If I were a betting man, I’d say five will get you ten it’s FSK-encoded data; it’s a cheap algorythm (both in terms of cost and computer power), and it’s robust against the kind of things that they’d want it to be robust against, like corruption and static.

I’ll take my EQ to the audiologist promptly.

Huh! Didn’t know that, and does seem a tad more likely.

Also, the bands definitely look like data streams. Here’s a ham radio signal ID wiki that might help: Amateur Radio - Signal Identification Wiki

8PSK seems to look the most like that spectrogram (the image here is a waterfall, so rotate 90 degrees clockwise mentally): 8PSK - Signal Identification Wiki

Hah it’s visual only. I made it real quick to show the bands and I didn’t have time to get audio simultaneously.

Agreed on that. I think I identified an initialization sequence that recurs periodically.

My signal isn’t the cleanest… I’m recording via OBS from a pirate stream of someone else’s stream via Sportsnet. I’m going to look for cleaner sources.

I can imagine an encoding pipeline being set up badly enough to cause this, and I can also imagine noise reduction being set extremely aggressively also causing it.

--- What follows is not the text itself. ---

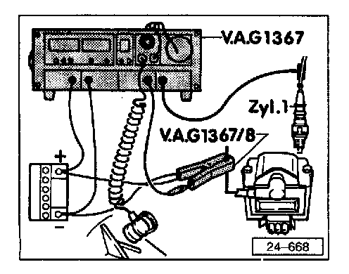 - Connect VAG 1367 ignition tester using VAG 1367/8 inductive pickup adapter.
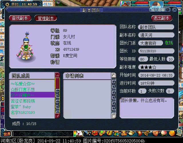 我的好友“问柳”,在我早上刚上线,就问我在干什么!她是卧龙岗老玩家,还是“E度空间”帮派成员,在我进入长安城时就一直留意我,她的游戏里的老公也认识我;她游戏里的老公曾经告诉我,他游戏里的老婆是89级的,请我在89级带队时多关照她!问柳想让我创建副本,但是我的银两不够3万,无法创建副本,她就让我加入另一个“通天河副本”。

But the fact that I’ve since found a bunch of people who opened support tickets to Sportsnet and are getting the runaround… This could well be a poorly implemented watermark.

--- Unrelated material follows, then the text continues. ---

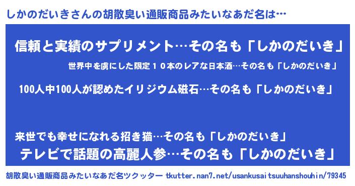 | ヘコむあだ名 | 『しかっ子』『しかのだいき(小並感)』 |

8PSK is pretty resilient (consider the noise floor on just about any of the ham frequencies), so you might be able to extract it with FLDigi.

I’ll try and report back the results!

Just make sure if you’re watching that the microphones on your cellphones are off, just in case it’s some kind of tracking nonsense.

In case YouTube keeps screwing with the audio, maybe you can just upload the raw video to your server?

A better isolation from analysis of a long clip.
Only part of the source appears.